What access control attacks should I know for the CISSP exam?

Access control secures system resources and data from unauthorized access by specifying the appropriate level of authorization for each user. It is implemented by taking robust physical, administrative and technical measures. The security implementations also aim to prevent unauthorized information disclosure and alteration to achieve consistent availability.

Access control attacks typically circumvent or bypass access control methods to steal data or user credentials. By collecting the latter, adversaries safely break access control by logging in as the authorized user and accessing his/her resources. Attackers then attempt to modify system information so that it is no longer accurate.

Earn your CISSP, guaranteed!

Earn your CISSP, guaranteed!

Get live, expert CISSP training from anywhere. Enroll now to claim your Exam Pass Guarantee!

The following are the most common attacks pertained to access control that you will be asked about in the CISSP certification exam.

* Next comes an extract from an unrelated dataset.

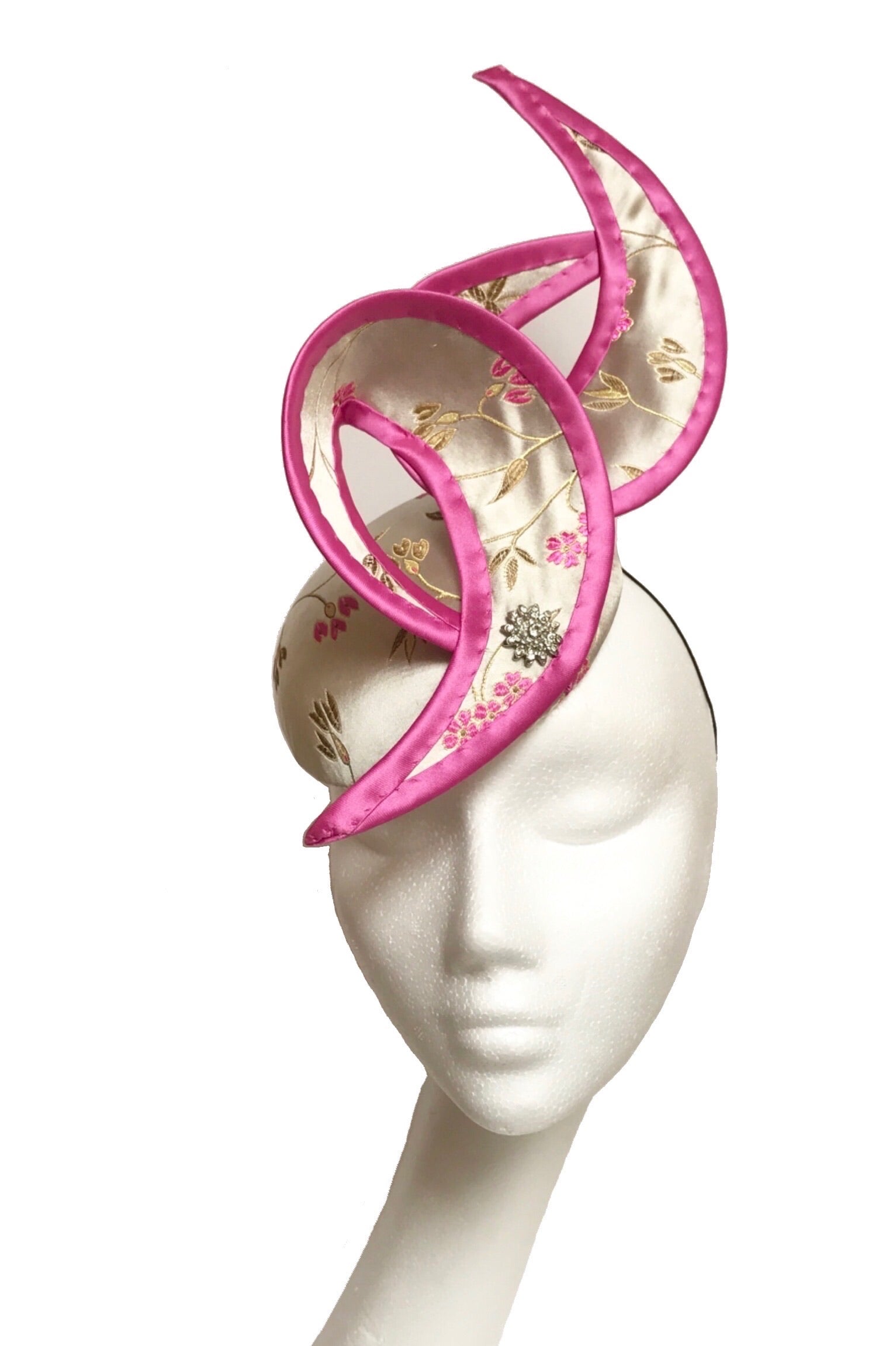 This headpiece is one of the unique headpieces in our Sustainable Vintage Collection. Each piece in this capsule collection has been painstakingly designed and created using a vintage hat or fabric as the base material. In some cases, a vintage hat has been completely disassembled and remade to form a new modern shape and in other cases, the basic hat has been reworked and re-trimmed. The finished headpieces are fabulously unique, one-off couture pieces, sustainably enabling the vintage styles of the past to be loved into the future. We hope you adore them as much as we do!

Access aggregation attacks

An access aggregation attack is carried out by collecting several pieces of insensitive information and drawing conclusions from them to devise sensitive information. In simple words, adversaries will gather multiple facts related to a system and study them to conduct an attack. A reconnaissance attack is an example. It involves hackers combining several tools to identify different elements of a target system, such as the operating system, IP address, open port, and more.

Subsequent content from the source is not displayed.